◆ **Work request**
Produce a word-for-word copy of the line that contains "花鼓灯舞蹈是一种较 为独特的艺术体系,展现了 淮河流域的特色。加强花鼓" and each line after it through the end of the material, omitting pictures and all other lines.

◆ **Provided data**
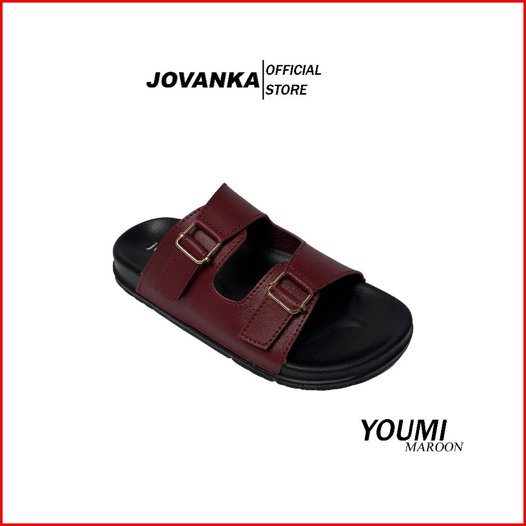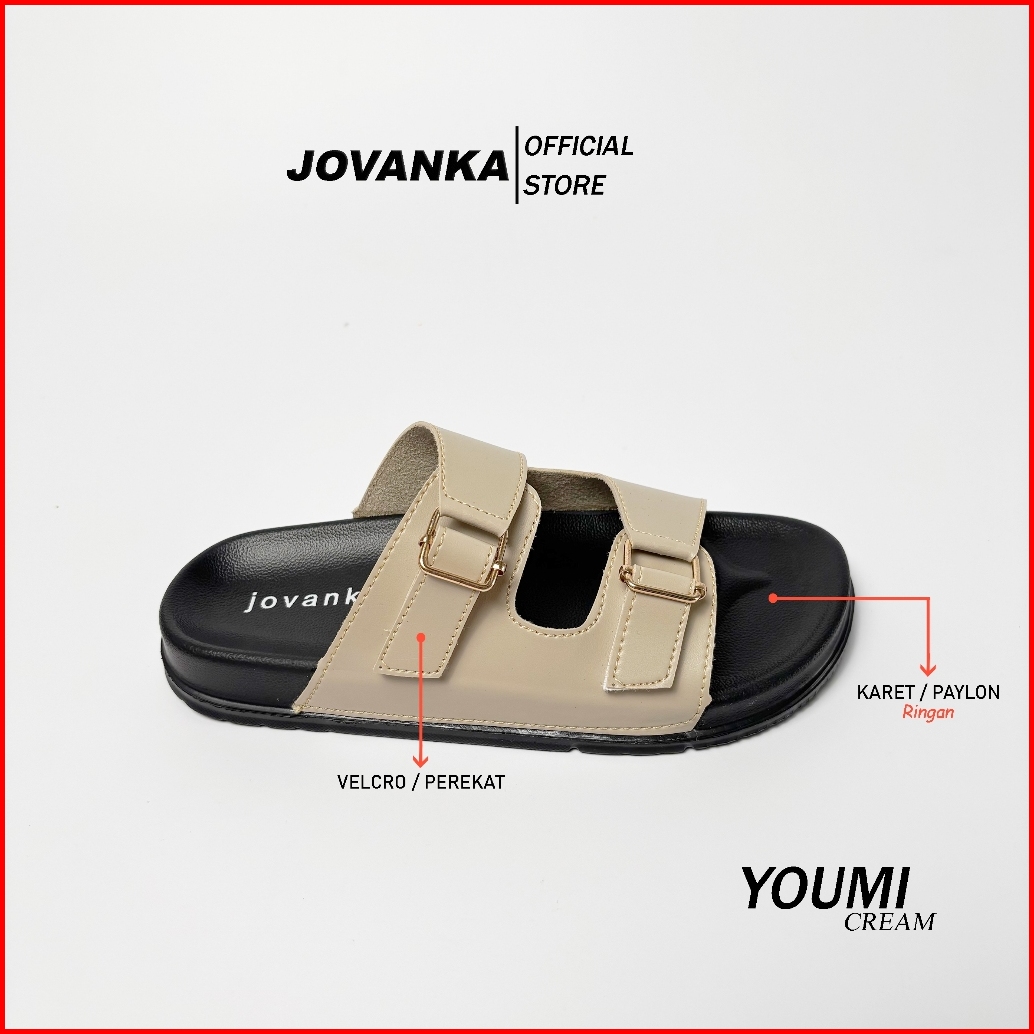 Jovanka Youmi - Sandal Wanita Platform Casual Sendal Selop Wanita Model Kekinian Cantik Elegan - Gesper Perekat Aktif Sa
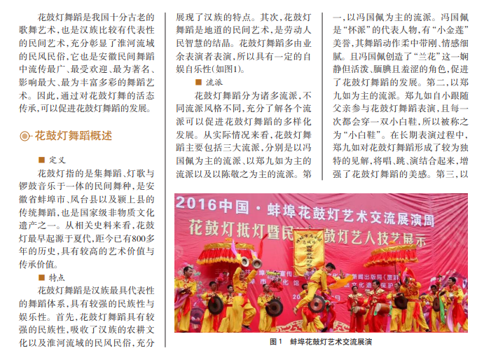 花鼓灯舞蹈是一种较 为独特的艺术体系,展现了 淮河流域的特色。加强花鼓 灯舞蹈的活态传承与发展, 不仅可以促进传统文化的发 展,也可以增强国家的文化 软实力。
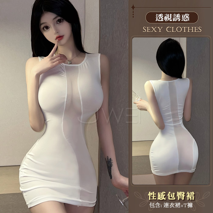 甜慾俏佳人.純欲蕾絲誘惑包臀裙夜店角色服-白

◆ **Response**
 花鼓灯舞蹈是一种较 为独特的艺术体系,展现了 淮河流域的特色。加强花鼓 灯舞蹈的活态传承与发展, 不仅可以促进传统文化的发 展,也可以增强国家的文化 软实力。
 甜慾俏佳人.純欲蕾絲誘惑包臀裙夜店角色服-白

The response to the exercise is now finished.